My son attends the school where I work, so we make the short journey together, alongside other pupils who merrily wish me a good morning. As we walk, my son and I discuss the advantages of leaving the car at home - by avoiding the queue of traffic we manage to arrive on time.
Guru Nanak Sikh Academy is based in the borough of Hillingdon in West London. It's a faith school that was established in 1999 as a voluntary-aided institution. In November 2010 it became an academy. Two years later, it merged with the local primary to become an all-through academy catering for four- to 18-year-olds. It is heavily oversubscribed, with a large waiting list across all year groups.
My job title is cover supervisor and my role is to provide cover wherever a teacher is absent. I hear a lot of horror stories about the hell teachers endure at other secondaries, which makes me feel proud and privileged that I work at a good school and am able to do my job without any major behavioural problems.
At 7.45am I'm given a timetable of the lessons I am expected to cover that day - I call it my "lucky bag". It all depends on the number of absent teachers and whether any staff members are on school trips or attending courses.
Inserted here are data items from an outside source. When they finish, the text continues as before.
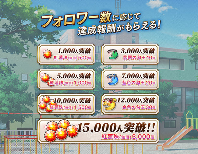 Twitterのフォロワー数に応じて、 報酬をプレゼント!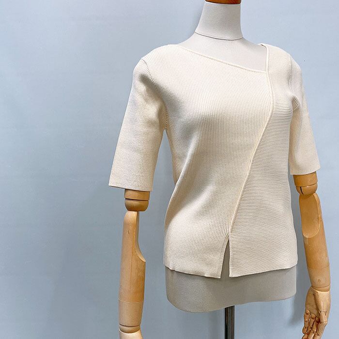 首元のアシンメトリーネックラインとリブの切り替えスリットで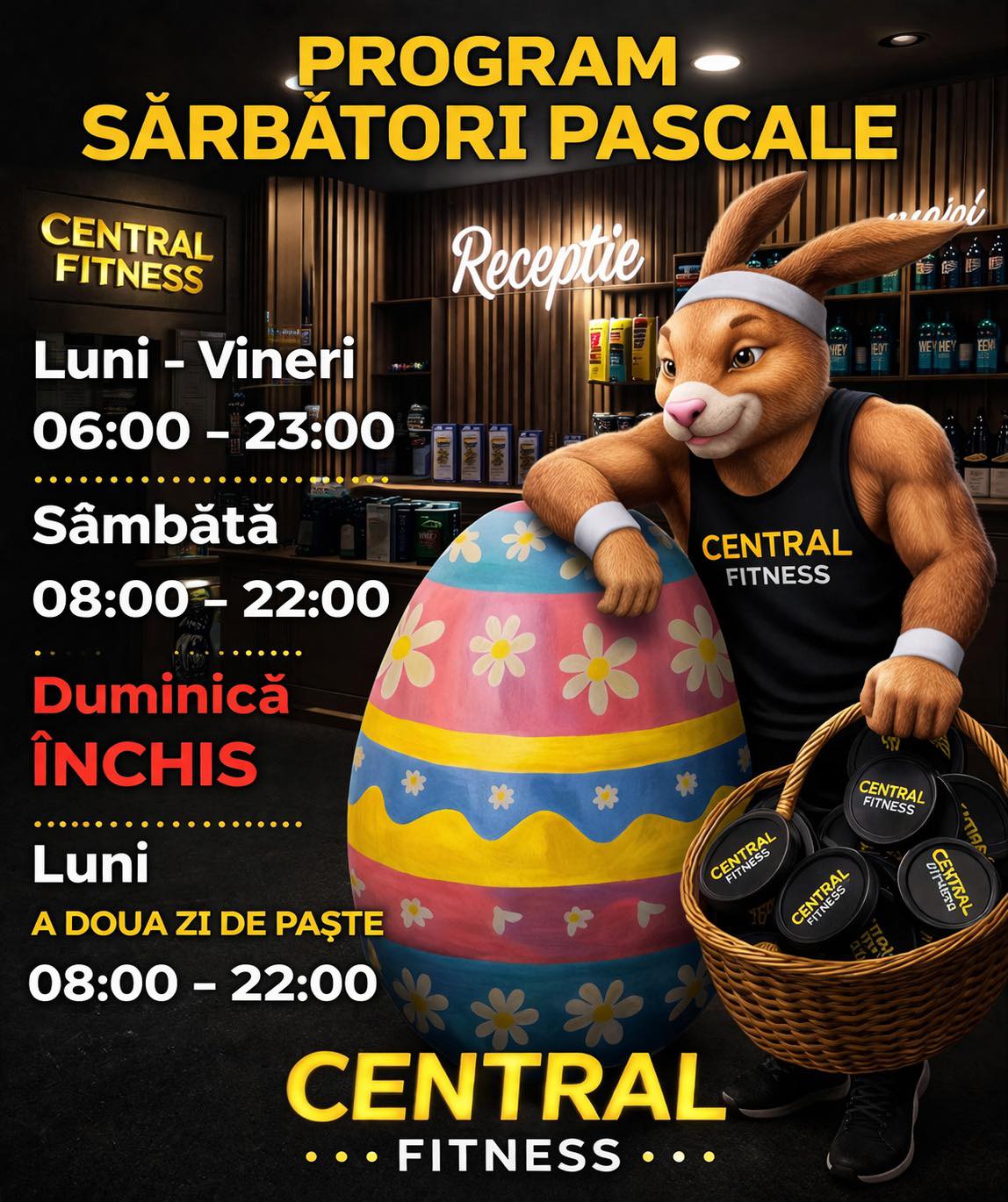 Sala Central Fitness își adaptează programul în perioada sărbătorilor pascale, cu un mesaj clar pentru clienți: antrenamentele continuă, chiar și înainte de masa de Paște.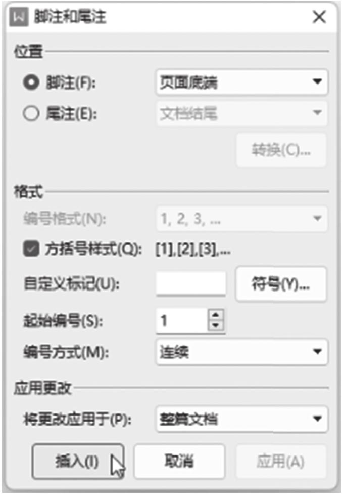⑤在“脚注和尾注”对话框中,确认选中“脚注”单选按钮,位置在“页面底端”;选中“方括号样式”复选框,点击“插入”按钮。如图2-83所示。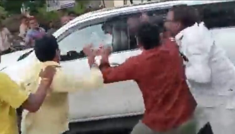 अमरावती दि २५(प्रतिनिधी)- शिंदे गटाचे आमदार संतोष बांगर आज अमरावती जिल्ह्यातील अंजनगाव सुर्जी येथे आले होते.यावेळी संतोष बांगर यांच्या गाडीवर संतप्त शिवसैनिकांकडून हल्ला करण्याचा प्रयत्न केला. यावेळी शिवसैनिकांनी ५० खोके एकदम ओके अशा घोषणादेखील दिल्या. बांगर यांच्या गाडीच्या काचेवर शिवसैनिकांनी चांगलाच चोप दिला आहे.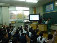 1年生は、校外学習で集めてきた松ぼっくりを使って、けん玉づくりをしていました。2年生は、学級ごとに大縄の練習をしていました。みんなでつないでいけるようにがんばっています。3年生は、「ふるさと敦賀」の発表会をしていました。調べてきたことをクイズなどを交えて分かりやすく伝えようとしています。4年生は、理科で「金属の熱の伝わり方」の実験をしていました。金属は、熱せられた部分から順に温まることが分かったようです。5年生は、比例の発展問題に挑戦していました。6年生は、外国語の授業でALTの先生と英単語クイズで盛り上がっていました。意欲的に活動する姿勢がすばらしいです。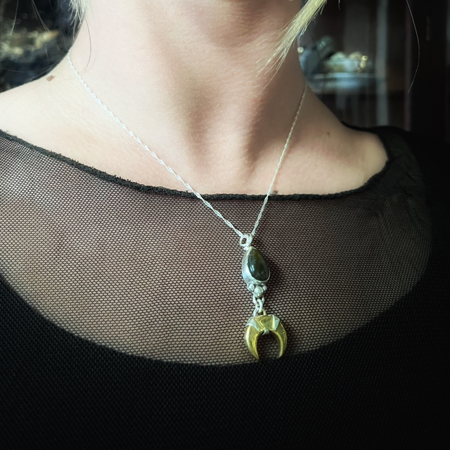 Fabriqué de façon artisanale à la main dans mon atelier des montagnes, il est accompagné de sa chaîne de 40cm en argent 925 en maille torsadée (changement de longueur ou de chaîne possible à la demande), il mesure 4cm de haut pour 1cm de large.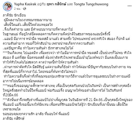 ดังนั้นเราจึงจะรับร่างพี่แอมป์ไปบำเพ็ญกุศล ในวันอังคารที 21 มีค.66..เป็นกุศลยิ่งใหญ่ของพี่แอมป์ แม่จึงขอชี้แจงให้ชัดเจน เพื่อคนที่รักแอมป์จะได้รู้ว่า นักเขียนที่เขาชื่นชม เสียชีวิตเพราะเหตุใด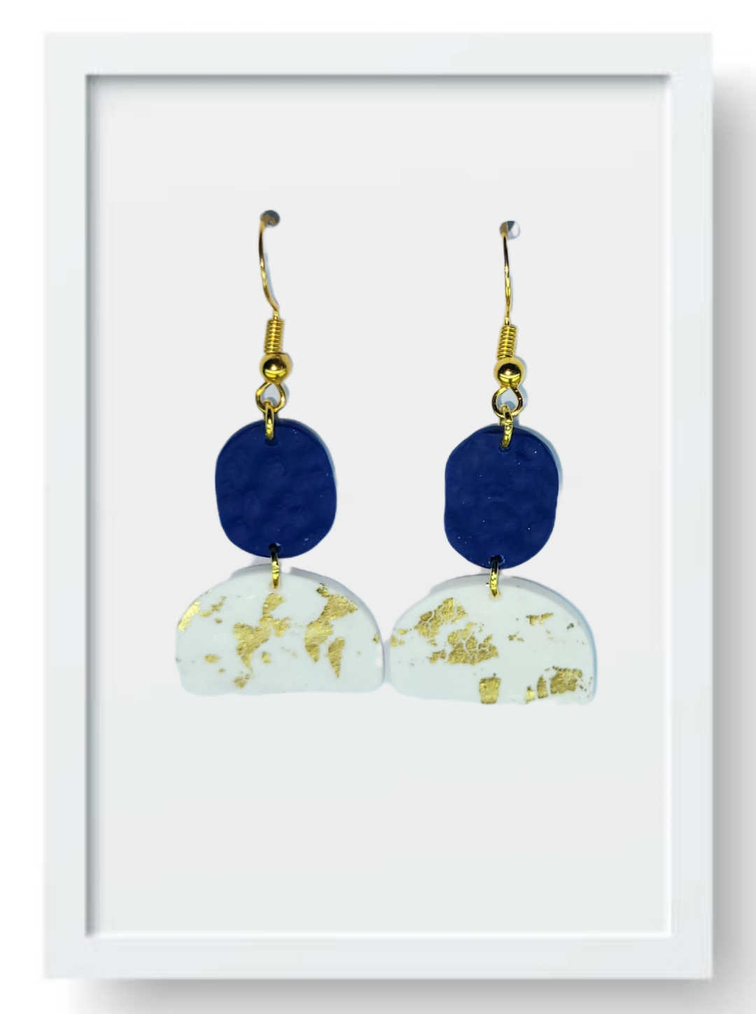 Navy Oval and White Half Circles - Handmade Polymer Clay Earrings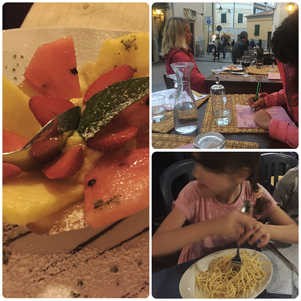 Durante la settimana abbiamo provato alcuni ristoranti di Capolavori, che con  la sua piazzetta e le vie pedonali pieni di baretti e negozi, verso sera sera dà il suo meglio, perché i piccoli scorrazzano senza pericolo e i genitori possono tirare il fiato. Abbiamo cenato divinamente alla Pecora Nera, specializzato in carne che arriva direttamente da un allevamento toscano e che ai piccoli affamati ha preparato un tagliere di pizzette a forma di stelle. Abbiamo assaggiato la tipica cucina elbana in chiave raffinata all‘Osteria del Gallo Nero e  apprezzato la trattoria lo Sgarbo, tanto che l’ultima sera abbiamo voluto fare il bis,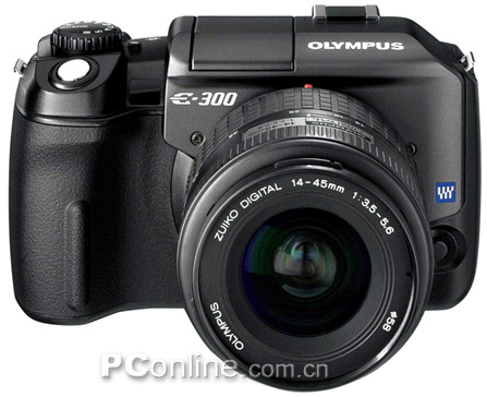 2004年的数码单反市场本来就被CN两家已经争得不可开交,不料在2004年即将结束的时候,奥林巴斯公司推出了自己的新型号数码单反相机:E300。这款目前套机售价仅为7000元的数码单反相机使用的是有效象素高达800万的4/3系统FFT-CCD,同时E300可以兼容所有的4/3系统的镜头。并支持RAW、RAW+JPEG、TIFF、JPEG(三种压缩比)等不同格式保存。测光方式为数字ESP、中央平均测光和点测光三种。另外提供了超声波除尘系统,很好地解决了数码单反相机感光元件入尘问题。在存储方面使用大众化的CF卡或者微硬盘。采用1.8英寸、LCD视野率高达95%的液晶取景器。随机配套的镜头为E 14-45 mm F3.5-F5.6镜头,经过焦段转换后变为28~90的常用焦段。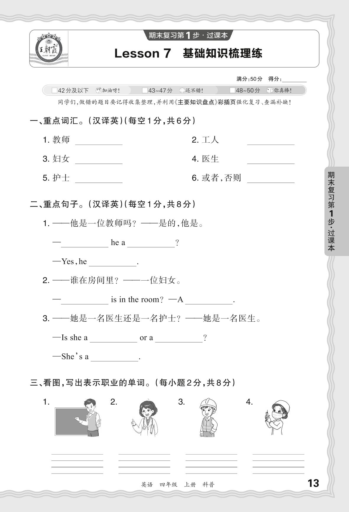 2023秋上册四年级英语科普版 期末过课本·Lesson 7 基础知识梳理练【7】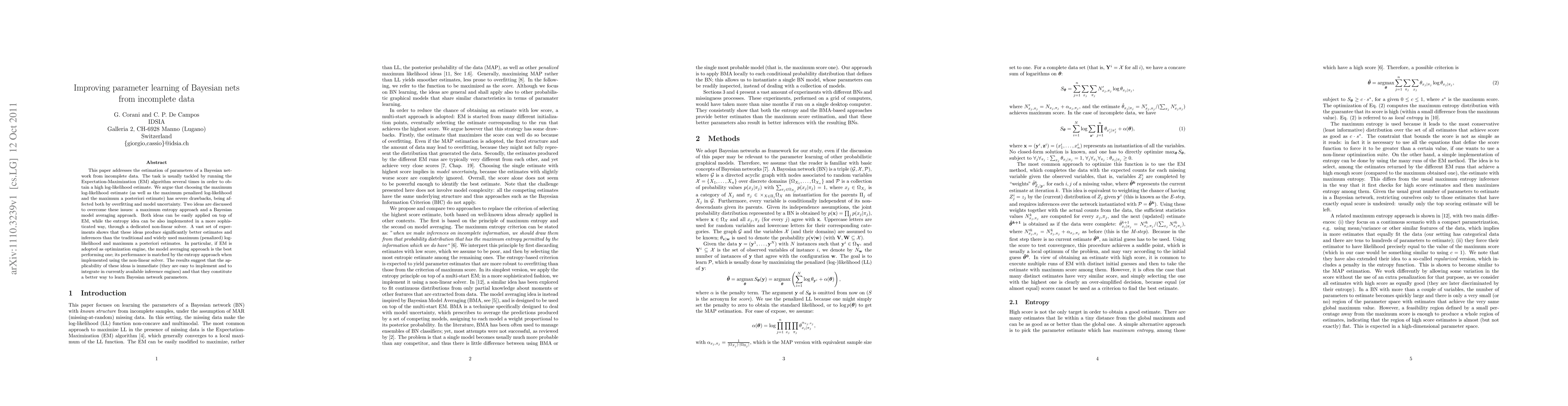 Researchers propose two new methods to improve parameter learning in Bayesian networks from incomplete data: a maximum entropy approach and a Bayesian model averaging approach, which outperform traditional methods in accuracy and ease of implementation.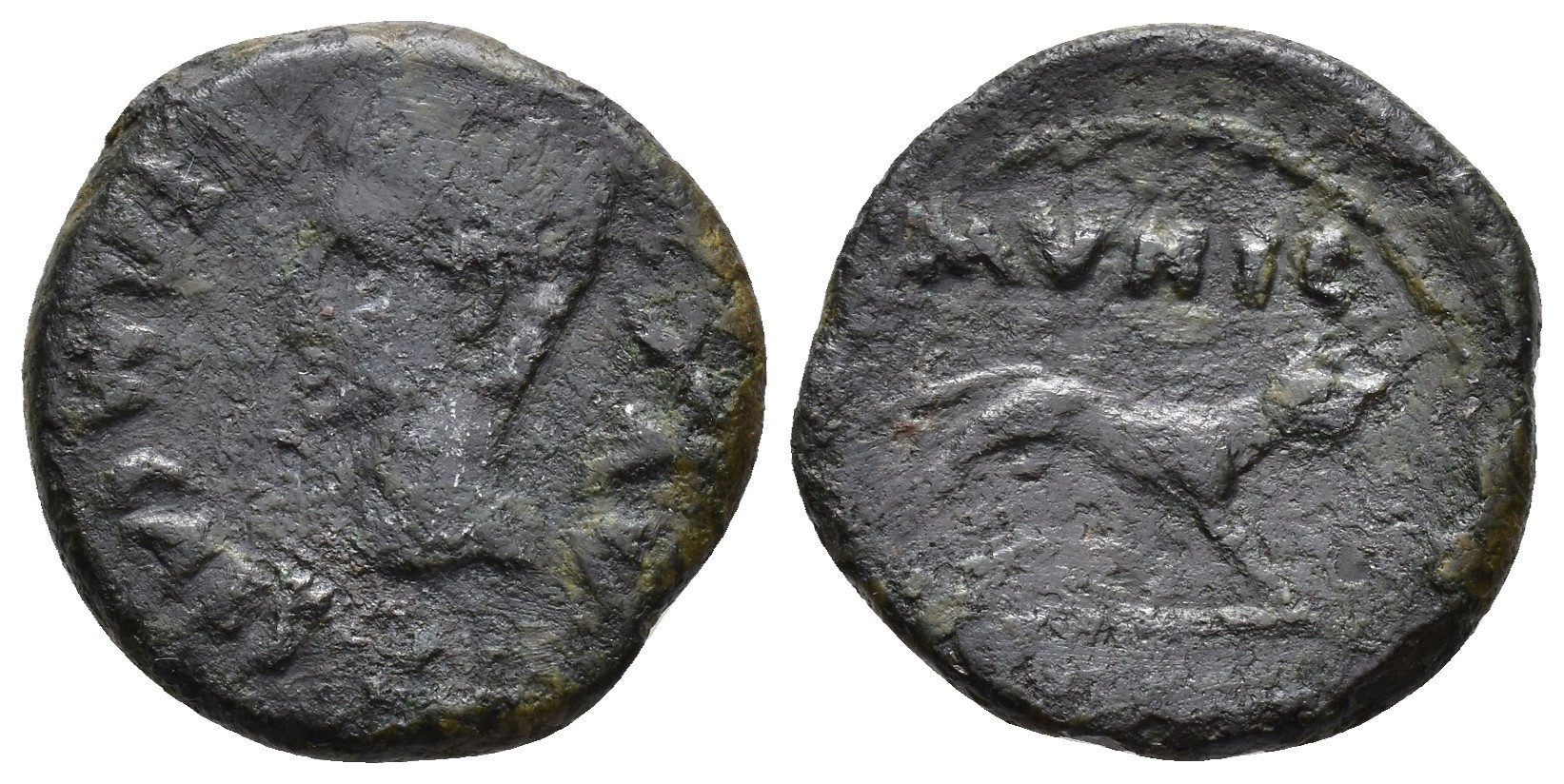 HISPANIA ANTIGUA. ITALICA. Augusto. Semis. A/ Cabeza a izq.; PERM CAES AVG, poco visible. R/ Loba con los gemelos; MVNIC/(ITALIC). AE 6,25 g. 22 mm. I-1586; APRH-62a; ACIP-3330; CC-4049, mismo ejemplar. Pátina oscura. BC+. Escasa.

It may be maths with Year 7 (aged 11-12), geography with Year 11 or Sikh studies with Year 9. No two days are the same and it is the thrill of the unknown timetable that makes every day so fulfilling. Walking through the corridors and hearing pupils ask "Are you covering us today, Miss?", then hearing their groans when I say "No, not today", makes my job so worthwhile and makes me feel especially valued.
As the academy is a faith school, an integral part of the education we provide involves a daily visit to the gurdwara, the Sikh place of worship. Prayers are recited in the morning and the Hukamnama (similar to a command) is taken from the Guru Granth Sahib (the Sikh book of scriptures).
With seven 45-minute lessons in a day, a 20-minute break in the morning and one hour for lunch, home time at 3.15pm comes quickly. I pop over to the primary part of the school, collect my son and walk home, where I enjoy the rest of the evening in the garden.
I use the time to catch up on the growing pile of studying I have to do for my teaching degree, which I have recently started on my journey towards becoming a qualified teacher. But it's not easy: as well as trying to study, I also have to prepare dinner and make sure the children's homework is complete before I get them ready for bed.
Once that's done, it's time to catch up on EastEnders before putting myself to bed, too.